Part 2: Spatial autocorrelation -- the concept you are exploiting

Part 2: Spatial autocorrelation -- the concept you are exploiting¶

What it means¶

Spatial autocorrelation is the observation that nearby things tend to be more similar than distant things. For insurance, this is almost always true. Nearby postcode sectors tend to have similar:

Theft rates (crime tends to cluster geographically)
Road network quality and accident rates
Socioeconomic composition, which correlates with vehicle type, mileage, and maintenance
Weather exposure (flood risk, ice, urban microclimate)

This is not a problem to be corrected -- it is information to be exploited. If we know sector A has elevated claims frequency and sector B is adjacent to A, we should be less surprised to learn that sector B also has elevated frequency. The adjacency is informative.

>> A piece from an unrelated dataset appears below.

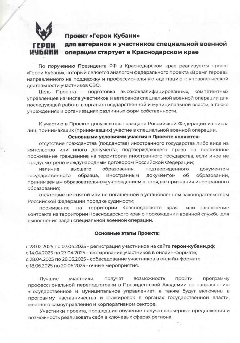 Государственное казенное учреждение Краснодарского края «Кубанский центр государственной поддержки населения и развития финансового рынка» (далее учреждение) совместно с министерством топливно-энергетического комплекса и жилищно-коммунального хозяйства Краснодарского края (далее министерство) реализует постановление Губернатора Краснодарского края от 20 декабря 2022 г. № 972 «Об утверждении порядка предоставления гражданам, имеющим трех и более детей, иных мер поддержки по обеспечению жилыми помещениями взамен предоставления им земельных участков в собственность бесплатно» (далее- Порядок, мероприятие). *** С 21 по 24 марта 2024 года в Краснодаре, в выставочно-конгрессном комплексе «Экспоград Юг», состоится Кубанская Ярмарка - Весенняя, которая будет работать с 9.00 до 18.00. Вход свободный.

The degree of spatial autocorrelation is measured by Moran's I. Before fitting a spatial model, we run Moran's I on the residuals from a non-spatial model (the log observed-to-expected ratio per sector). If Moran's I is significantly positive, spatial smoothing is warranted. If it is not significant, the data do not support spatial structure and we should stick with a simpler approach.

This is the key discipline in spatial modelling: test first, smooth second. Do not assume spatial structure. Test for it.

Moran's I in plain English¶

Moran's I is the spatial equivalent of an autocorrelation coefficient. It compares each area's value to the average of its neighbours' values. If areas with high values tend to be surrounded by other areas with high values (and low by low), the statistic is positive. If the arrangement is random, the statistic is close to its expected value of -1/(N-1), approximately zero for large N.

The formal statistic is:

I = (N / S0) * (z^T W z) / (z^T z)

where z is the vector of demeaned values (log O/E per sector), W is the row-standardised adjacency matrix (W[i,j] = 1/number_of_neighbours[i] when j is a neighbour of i), S0 is the sum of all weights, and N is the number of areas.

We compute p-values by permutation: randomly shuffling the z values across areas and recomputing I many times. The permutation p-value is the proportion of permuted statistics that are at least as extreme as the observed statistic. This avoids distributional assumptions and is reliable for the irregular geometries typical of UK postcode geography.